There are these little life events that were repeated over and over, over the years, where familiar images and sensations were branded into our brains and bodies that have the potential to cause discomfort if not dealt with consciously and firmly. Over the first weeks of not drinking, I found a few ways to help soften any kind of irritation or discomfort brought about by breaking those old useless habits. And last night, when I went out to a nice restaurant and didn’t drink ethanol for the first time in around 40 years. I found my own way to give a nod to my sensibilities while still sticking to my resolve.
Here are a few strategies I have found really helpful.

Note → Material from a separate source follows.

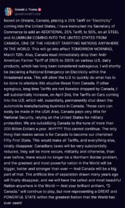 „Единственото нешто кое би имало смисла е Канада да стане наша драга 51 сојузна држава. Со тоа царините, и сè останато, целосно би исчезнало. Даноците на Канаѓаните би им биле значително намалени, би биле побезбедни, воено и воопшто, повеќе од кога било претходно, повеќе не би постоел проблемот на северната граница, а најголемата и најмоќна нација во светот ќе биде поголема, подобра и посилна од кога било“, напиша Трамп.

At cocktail time at home I make myself a switchflipper (mocktail) that is not sweet and has a good bite to it. I notice that I crack the ice and refill it the same way I did with gin. I enjoy the process; I like drinking while schmoozing and making dinner the same way I always did, only now without the ethanol. So, with switchflipper in hand, I don’t feel bereft like I’m missing something or have “given up” anything. Ha ha, I just invented a new mocktail called The Placebo. In a nice rocks glass, pour over ice 4 parts soda, 1 part lemon juice. Add a dash of orange bitters and cayenne pepper. Garnish with lemon wedge.
At the restaurant, I asked for soda on the rocks with a splash of bitters and a lime. The waitress brought the soda in one of those big tall ugly glasses, and next round I asked for a rocks glass. For me, just holding the right kind of glass does the trick. I’ll bet former wine drinkers would benefit by putting their NA drink in a wine glass during such occasions.
I have found St John’s Wort tea is a great beverage to take the edge off if I’m feeling a little edgy especially after a busy day. If you want to remove the edge off the late afternoon/early evening changeover, it’s good to have some St. John’s Wort around 3 or 4:00. You can get it in capsules, too.
I also have a snack around then. I have a Coconut Almond Kind Bar and some Dr. Schulze’s SuperFood with my St J’s tea. Doing this makes it so you don’t experience that low that you would have previously used ethanol to deal with.
And it goes without saying that staying hydrated really helps a lot.
Taking 20 minute silent meditation daily is really good. During the first few weeks I had to force myself to sit down for those minutes. Now I look forward to it; usually squeeze one in in the middle of the day. (I’d done a lot of meditating in the past, but it was always with some kind of an agenda, now I simply get quiet.) Lately, if it works out, I sneak upstairs and grab those 20 minutes around cocktail time, and it’s amazing how good I feel. It’s relaxing and energizing. I have this Better Back thing that is like being held while sitting. The 20 minutes fly by, and my very active mind is able to get really quiet now. Here’s a good video called The No Bullshit Guide to Meditation. https://www.youtube.com/watch?v=wirV265ZYSw
I have been making my diet more alkaline, eating more greens and such, making smoothies with carrots, beets, kale, spinach, ginger, apples, stuff like that. It feels good to be healthy.
EFT, tapping can help dealing with that little monster. Here’s a link or just google EFT or tapping for addiction and find one that you like. I know when I was doing it, I’d tap saying stuff like, “Even though I have this desire to drink, I love and accept myself completely.” It helped in those first few days and weeks.
Fresh air, sunshine and exercise go a long way in the feel good department. I always got out and ran or rowed even when totally debauched and hungover, but now it’s even better, and my joy factor is greatly enhanced.
If you notice a sneaky little urge or feel the remnants of the old habit trying to push its way into action, it’s really important to review the salient parts of whatever book or books you read. In fact, you can do preemptive review every few days, and nip any of that kind of thing in the bud. I read the last bit of Allen Carr’s Stop Drinking Now – quick and dirty reminders. Yeah! I’m a non-drinker!
Resistance does not work. I have learned that when a thought or urge arises, it is counterproductive to try to push it away or resist it. Allow it to be just as it is, and it passes just like any other thought. That saying, “What you resist persists” is true. Resistance makes it stickier. The harder you try to not think of something, the stronger the thought becomes. The firmer and clearer you are in your resolve in the first place, the less power any of those thoughts have at the getgo.
Forum communities such asThis Naked Mind and Hello Sunday Morning are good too. Keeps you in touch with like-minded peeps and adds a bit of accountability to your resolve.